Problem details: Among the entries below, copy only the span from the line containing "The highly rhythmic" through the line containing "長年受け継がれてきた技術と信". Do so exactly, and skip the pictures.

Dataset excerpts:
/---
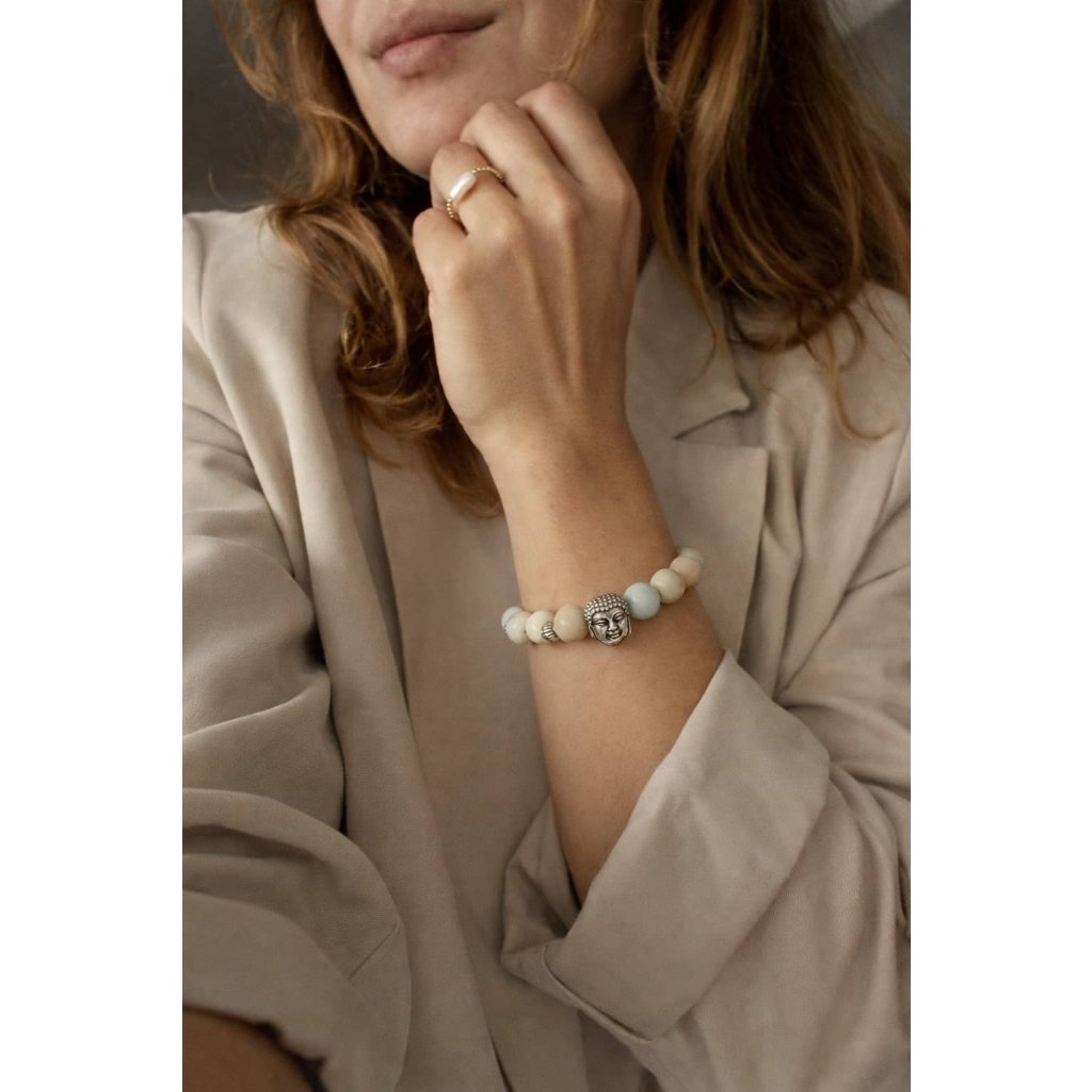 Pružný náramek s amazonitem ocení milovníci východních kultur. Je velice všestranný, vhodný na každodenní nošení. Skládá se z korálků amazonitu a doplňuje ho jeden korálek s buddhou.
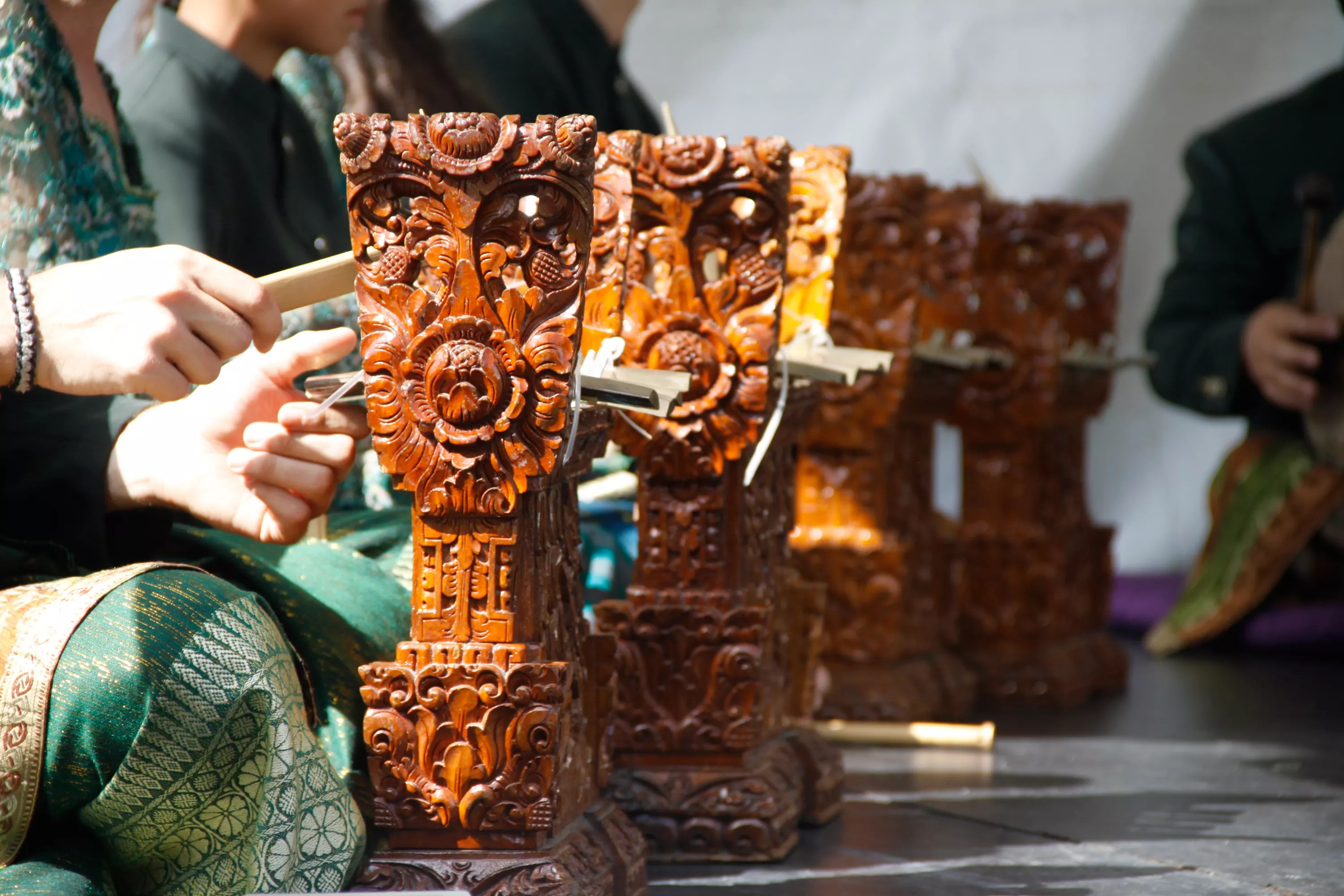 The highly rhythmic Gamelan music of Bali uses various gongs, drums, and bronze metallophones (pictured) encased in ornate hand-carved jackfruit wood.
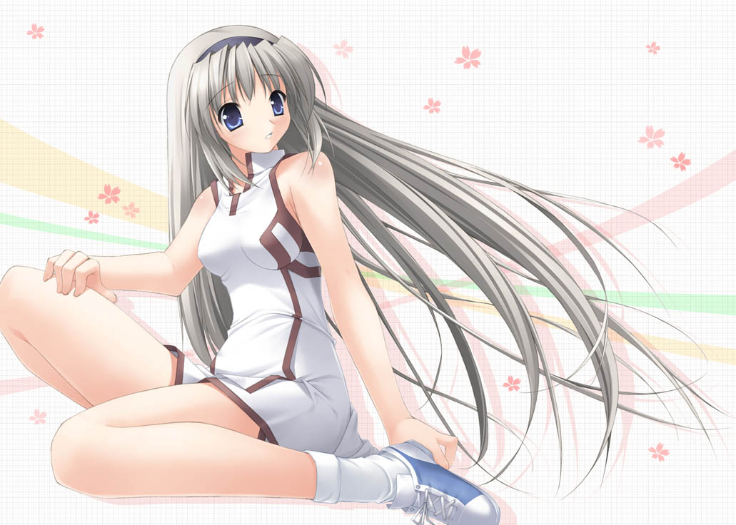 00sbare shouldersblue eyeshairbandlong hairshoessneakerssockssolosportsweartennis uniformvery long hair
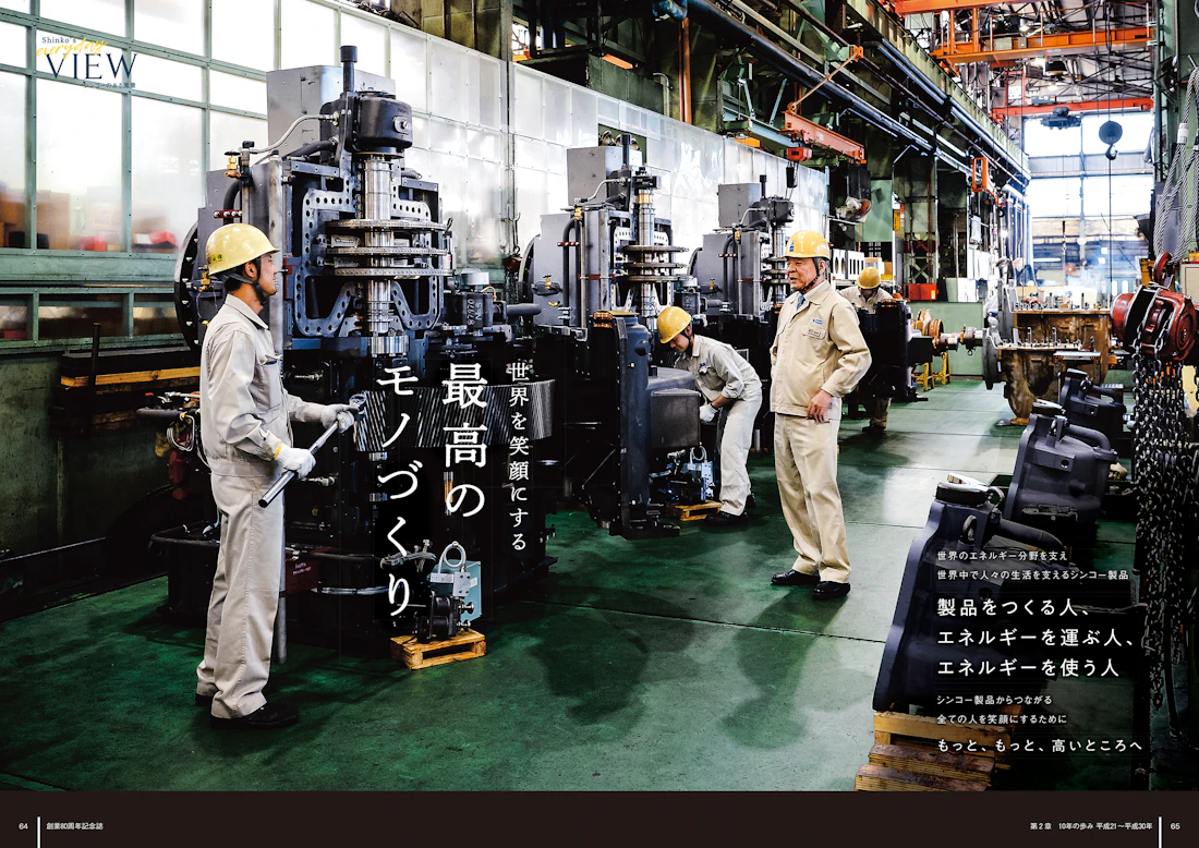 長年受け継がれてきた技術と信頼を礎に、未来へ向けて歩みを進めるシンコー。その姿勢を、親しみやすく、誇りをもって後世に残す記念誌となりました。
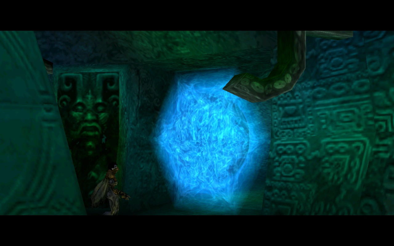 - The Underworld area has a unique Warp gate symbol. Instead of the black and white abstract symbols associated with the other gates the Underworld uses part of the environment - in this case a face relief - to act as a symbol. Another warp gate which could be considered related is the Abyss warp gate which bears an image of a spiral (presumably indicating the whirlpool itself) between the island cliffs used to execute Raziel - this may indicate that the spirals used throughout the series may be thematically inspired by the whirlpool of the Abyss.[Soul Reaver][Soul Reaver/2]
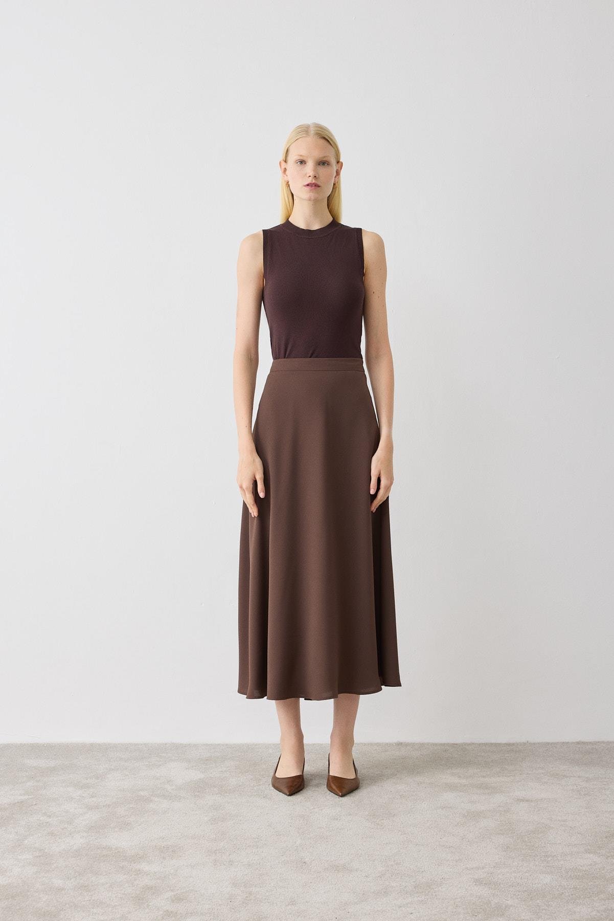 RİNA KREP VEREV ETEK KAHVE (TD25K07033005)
\---
Reply to the exercise:
 The highly rhythmic Gamelan music of Bali uses various gongs, drums, and bronze metallophones (pictured) encased in ornate hand-carved jackfruit wood.
 00sbare shouldersblue eyeshairbandlong hairshoessneakerssockssolosportsweartennis uniformvery long hair
 長年受け継がれてきた技術と信頼を礎に、未来へ向けて歩みを進めるシンコー。その姿勢を、親しみやすく、誇りをもって後世に残す記念誌となりました。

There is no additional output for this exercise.